The expected output is every record below, transcribed exactly, with the pictures left out.

> **Source data**

+ + + + +

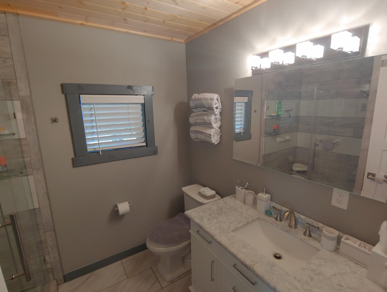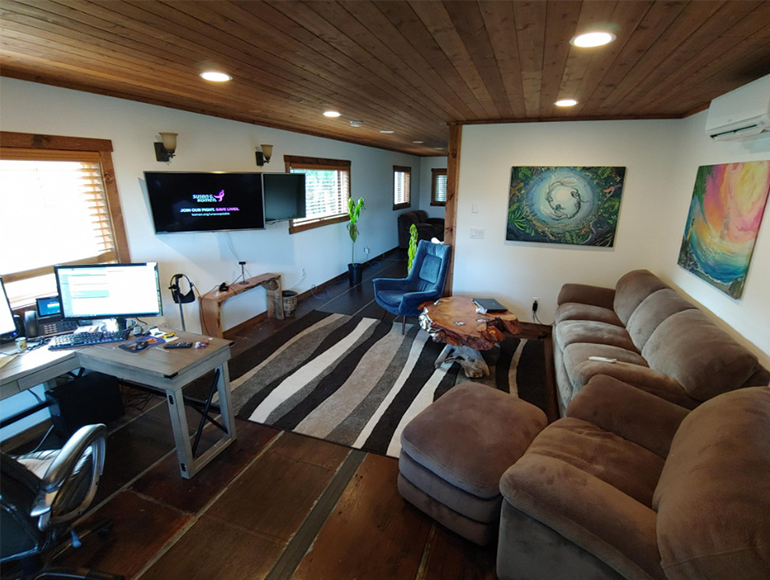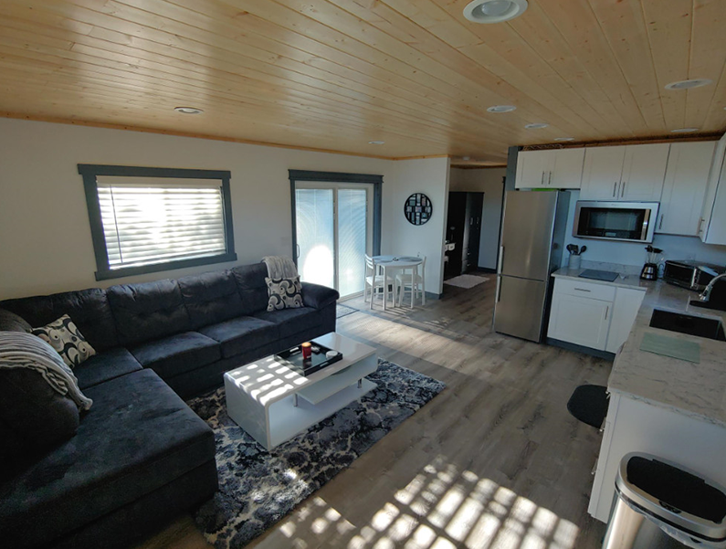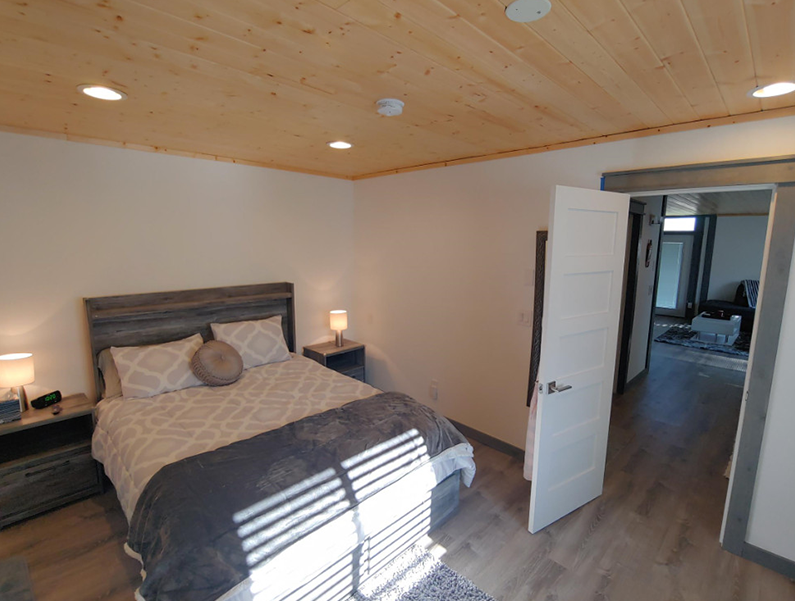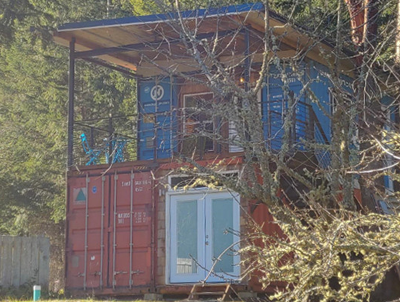 The Prospect series are double-wide two story homes. This 1280sf home has a ten foot cantilever and a ten foot deck. Two bedrooms, two baths, multiple home office spaces. The upper story has the original cargo container floor. The client painted the Orca whale mural. This is a durable, comfortable home with luxury features.
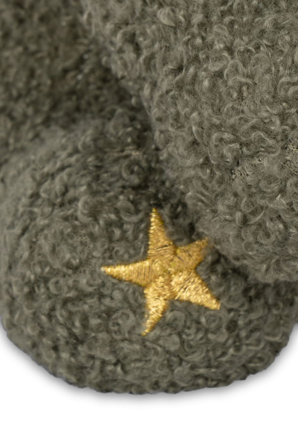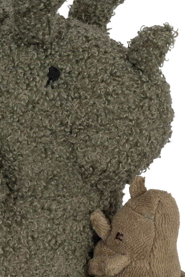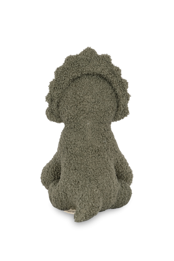 Dark green ‘Teddy’ triceratops musical activity toy from Konges Slojd. Made from fabric, this item comes with a baby dino doll and showcases gold-tone star embroidery.
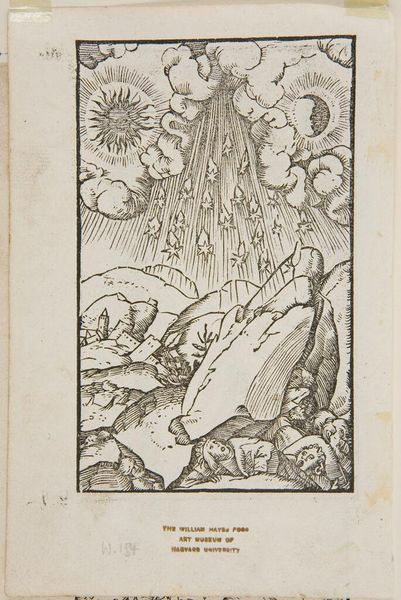 Editor: So, this is Hans Holbein the Younger's "The Vision of the Fifth Angel," a woodcut print. It's quite striking... a bit chaotic. What symbols stand out to you in this depiction? Curator: The well teems with crowned demons and serpentine figures, a visual motif for pestilence and moral corruption rising to the surface. Note the angel above, blowing the horn; do you think it heralds salvation or doom? Editor: Perhaps both, depending on the viewer's perspective? It's fascinating how Holbein uses familiar religious symbols to evoke such a strong emotional response. Curator: Indeed, and how these symbols echo through history, reflecting our enduring anxieties and hopes. A powerful visual legacy, wouldn't you agree?
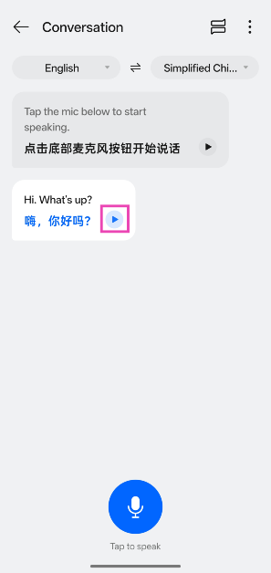 第5步:击中播放图标在翻译后的消息旁边大声播放。
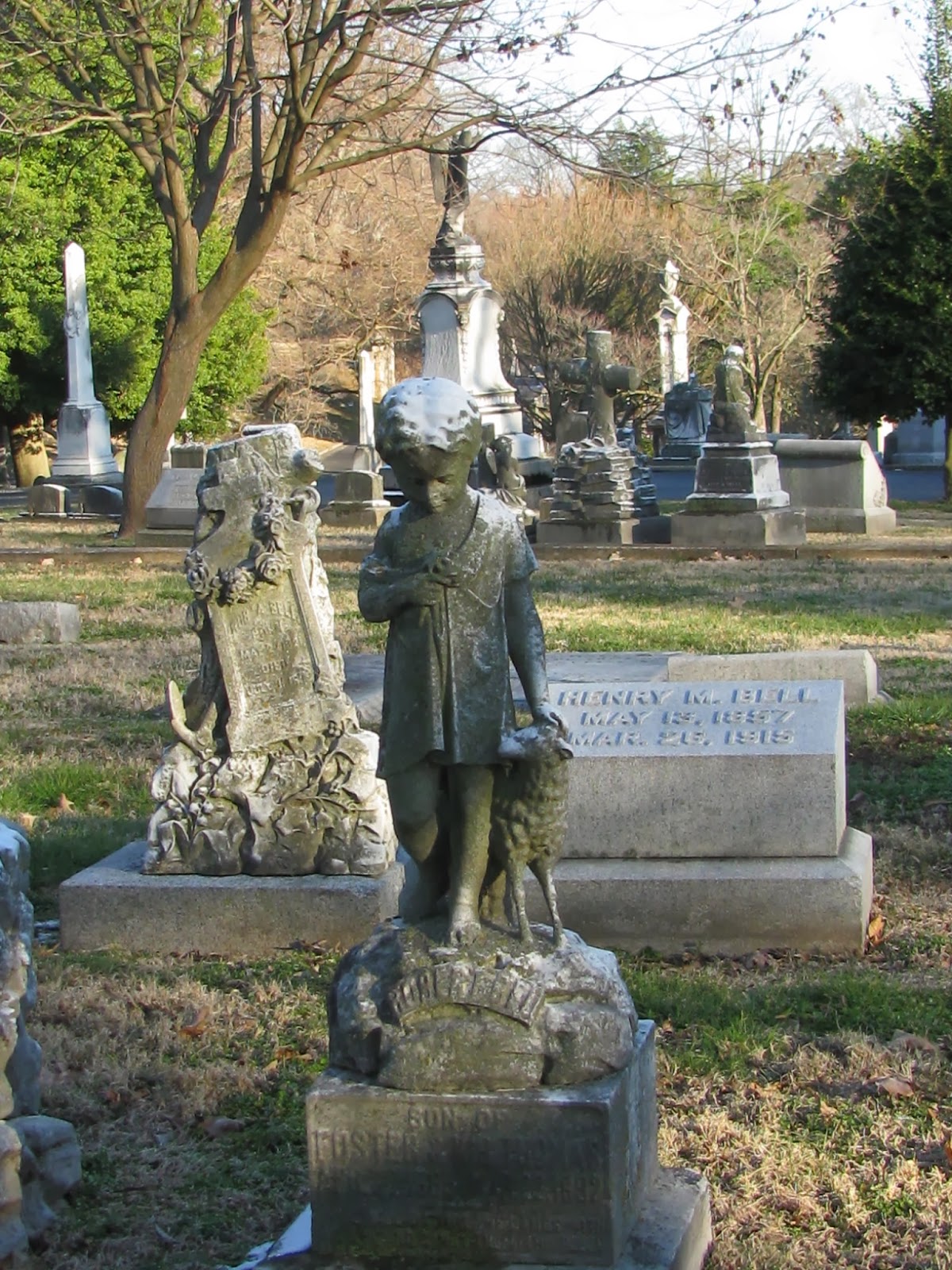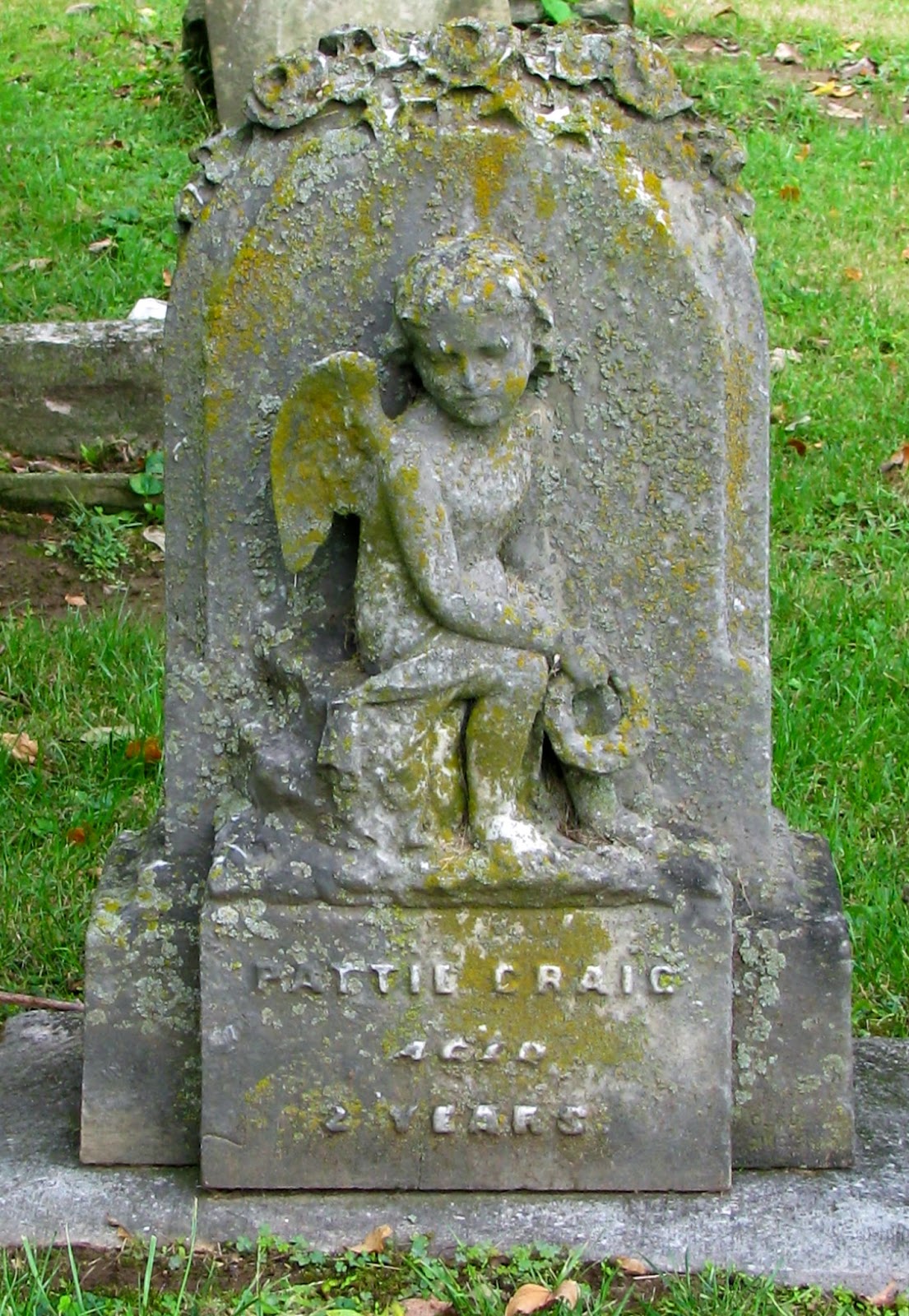 graves may be marked with lambs, dead doves, cherubs, or in some cases, the
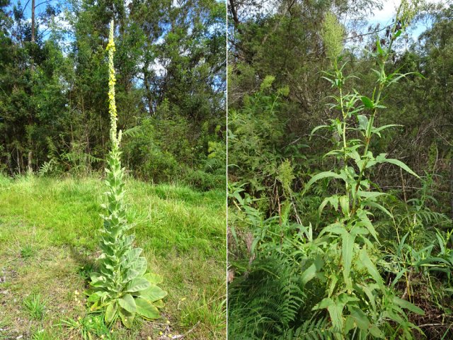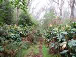 La randonnée débute au croisement de la Ligne des Eucalyptus et de la RF des Tamarins où il est possible se stationner. La route, peu empruntée par les engins est étroite, glissante si mouillée, se laissant dévorer lentement par les longoses et bringeliers (Photo 1). La route effectue une large boucle avant de revenir en direction du Piton Fougères qui dépasse à peine à l'horizon (Photo 2). Les fraisiers des Indes (Duchesnea indica) occupent tous les fossés mais les fruits ne présentent aucun intérêt gustatif (Photo 3). La piste bétonnée cesse en arrivant à une grande réserve DFCI de 6000 m3 (Photo 4). Elle est remplacée par une piste herbeuse (Photo 5). Elle rejoint les limites du parc couvert ici de grands tamarins des Hauts et de zones marécageuses envahies de joncs et de fougères (Photo 6). Laisser sur la droite la piste DFCI de la Ravine du Trou, également herbeuse. La piste, malgré l'herbe, se suit facilement en frôlant quelques beaux tamarins (Photo 7). La pente est faible et ne demande aucun effort (Photo 9). De superbes pieds de bouillon blanc (Verbascum thapsus) ou d'oseille sauvage (Rumex abyssinicus Jacq) bordent le sentier (Photo 10). Certaines tiges dépassent les deux mètres de hauteur. La plante, déjà très envahissante, est dotée d'énormes grappes de graines. On passe très facilement plusieurs ravines sans trop s'en apercevoir (Photo 11). D'autres sont plus remarquables avec rochers, grottes ou cassés basaltiques vertigineux (Photo 13). Après une descente sur le même type de piste herbeuse, on se retrouve à la barrière fermant la Piste des Eucalyptus. Traverser la route des Tamarins et viser, un peu sur la droite, la Piste DFCI des Camélias (Photo 14). Le départ est large, très propre entre les tamarins et acacias noirs (Photo 15). Puis, petit à petit, l'herbe envahit la piste mais le cheminement s'effectue sans difficulté (Photo 16). La piste file plein sud en longeant les clôtures des prairies qui bordent la forêt (Photo 17). On coupe, sans trop la voir, la Ligne des Camélias recouverte de longoses. Plus loin, on a même du mal à imaginer qu'une piste existait il y a encore 5 ans (Photo 18). Laisser la piste suivante qui file tout droit vers la route et prendre à droite. Les tamarins sont de plus en plus nombreux. Certains sont morts pour laisser de belles natures mortes (Photo 19) ; d'autres, bien vivants, atteignent de respectables hauteurs (Photo 20). Plus loin, ce sont de belles touffes de calumets qui résistent encore aux envahisseurs (Photo 21). Ces envahisseurs originaires du Népal, impossibles à éradiquer, fournissent pourtant de très belles fleurs odorantes qui leur ont valu d'être importés en 1819 (Photo 22). La fin de la boucle s'effectue sur la piste entièrement recouverte d'herbe (Photo 23). Très vite, les longoses prendront possession de l'ensemble du parcours comme on le voit sur de nombreuses autres pistes anciennes (Photo 25). Deux possibilités pour rejoindre la fin de la boucle : poursuivre sur la piste des Camélias ou tourner à gauche sur la Ligne des Eucalyptus, plus difficile à repérer si on ne pense pas à regarder sur la gauche. Pour ne pas manquer le retour par le sentier si l'on est passé sans le voir, repérer sur la droite une barrière, une prairie et une réserve d'eau à une cinquantaine de mètres. A partir de la barrière, revenir en arrière d'une quinzaine de mètres et entamer la montée sur un sentier étroit mais bien visible (Photo 27). Ne pas s'étonner d'y retrouver longoses et fougères, remonter la seule véritable pente de la boucle qui peut être boueuse par endroits (Photo 28). On retrouve facilement le véhicule garé au début de la piste bétonnée.

+ + + + +

> **Expected output**
 The Prospect series are double-wide two story homes. This 1280sf home has a ten foot cantilever and a ten foot deck. Two bedrooms, two baths, multiple home office spaces. The upper story has the original cargo container floor. The client painted the Orca whale mural. This is a durable, comfortable home with luxury features.
 Dark green ‘Teddy’ triceratops musical activity toy from Konges Slojd. Made from fabric, this item comes with a baby dino doll and showcases gold-tone star embroidery.
 Editor: So, this is Hans Holbein the Younger's "The Vision of the Fifth Angel," a woodcut print. It's quite striking... a bit chaotic. What symbols stand out to you in this depiction? Curator: The well teems with crowned demons and serpentine figures, a visual motif for pestilence and moral corruption rising to the surface. Note the angel above, blowing the horn; do you think it heralds salvation or doom? Editor: Perhaps both, depending on the viewer's perspective? It's fascinating how Holbein uses familiar religious symbols to evoke such a strong emotional response. Curator: Indeed, and how these symbols echo through history, reflecting our enduring anxieties and hopes. A powerful visual legacy, wouldn't you agree?
 第5步:击中播放图标在翻译后的消息旁边大声播放。
 graves may be marked with lambs, dead doves, cherubs, or in some cases, the
 La randonnée débute au croisement de la Ligne des Eucalyptus et de la RF des Tamarins où il est possible se stationner. La route, peu empruntée par les engins est étroite, glissante si mouillée, se laissant dévorer lentement par les longoses et bringeliers (Photo 1). La route effectue une large boucle avant de revenir en direction du Piton Fougères qui dépasse à peine à l'horizon (Photo 2). Les fraisiers des Indes (Duchesnea indica) occupent tous les fossés mais les fruits ne présentent aucun intérêt gustatif (Photo 3). La piste bétonnée cesse en arrivant à une grande réserve DFCI de 6000 m3 (Photo 4). Elle est remplacée par une piste herbeuse (Photo 5). Elle rejoint les limites du parc couvert ici de grands tamarins des Hauts et de zones marécageuses envahies de joncs et de fougères (Photo 6). Laisser sur la droite la piste DFCI de la Ravine du Trou, également herbeuse. La piste, malgré l'herbe, se suit facilement en frôlant quelques beaux tamarins (Photo 7). La pente est faible et ne demande aucun effort (Photo 9). De superbes pieds de bouillon blanc (Verbascum thapsus) ou d'oseille sauvage (Rumex abyssinicus Jacq) bordent le sentier (Photo 10). Certaines tiges dépassent les deux mètres de hauteur. La plante, déjà très envahissante, est dotée d'énormes grappes de graines. On passe très facilement plusieurs ravines sans trop s'en apercevoir (Photo 11). D'autres sont plus remarquables avec rochers, grottes ou cassés basaltiques vertigineux (Photo 13). Après une descente sur le même type de piste herbeuse, on se retrouve à la barrière fermant la Piste des Eucalyptus. Traverser la route des Tamarins et viser, un peu sur la droite, la Piste DFCI des Camélias (Photo 14). Le départ est large, très propre entre les tamarins et acacias noirs (Photo 15). Puis, petit à petit, l'herbe envahit la piste mais le cheminement s'effectue sans difficulté (Photo 16). La piste file plein sud en longeant les clôtures des prairies qui bordent la forêt (Photo 17). On coupe, sans trop la voir, la Ligne des Camélias recouverte de longoses. Plus loin, on a même du mal à imaginer qu'une piste existait il y a encore 5 ans (Photo 18). Laisser la piste suivante qui file tout droit vers la route et prendre à droite. Les tamarins sont de plus en plus nombreux. Certains sont morts pour laisser de belles natures mortes (Photo 19) ; d'autres, bien vivants, atteignent de respectables hauteurs (Photo 20). Plus loin, ce sont de belles touffes de calumets qui résistent encore aux envahisseurs (Photo 21). Ces envahisseurs originaires du Népal, impossibles à éradiquer, fournissent pourtant de très belles fleurs odorantes qui leur ont valu d'être importés en 1819 (Photo 22). La fin de la boucle s'effectue sur la piste entièrement recouverte d'herbe (Photo 23). Très vite, les longoses prendront possession de l'ensemble du parcours comme on le voit sur de nombreuses autres pistes anciennes (Photo 25). Deux possibilités pour rejoindre la fin de la boucle : poursuivre sur la piste des Camélias ou tourner à gauche sur la Ligne des Eucalyptus, plus difficile à repérer si on ne pense pas à regarder sur la gauche. Pour ne pas manquer le retour par le sentier si l'on est passé sans le voir, repérer sur la droite une barrière, une prairie et une réserve d'eau à une cinquantaine de mètres. A partir de la barrière, revenir en arrière d'une quinzaine de mètres et entamer la montée sur un sentier étroit mais bien visible (Photo 27). Ne pas s'étonner d'y retrouver longoses et fougères, remonter la seule véritable pente de la boucle qui peut être boueuse par endroits (Photo 28). On retrouve facilement le véhicule garé au début de la piste bétonnée.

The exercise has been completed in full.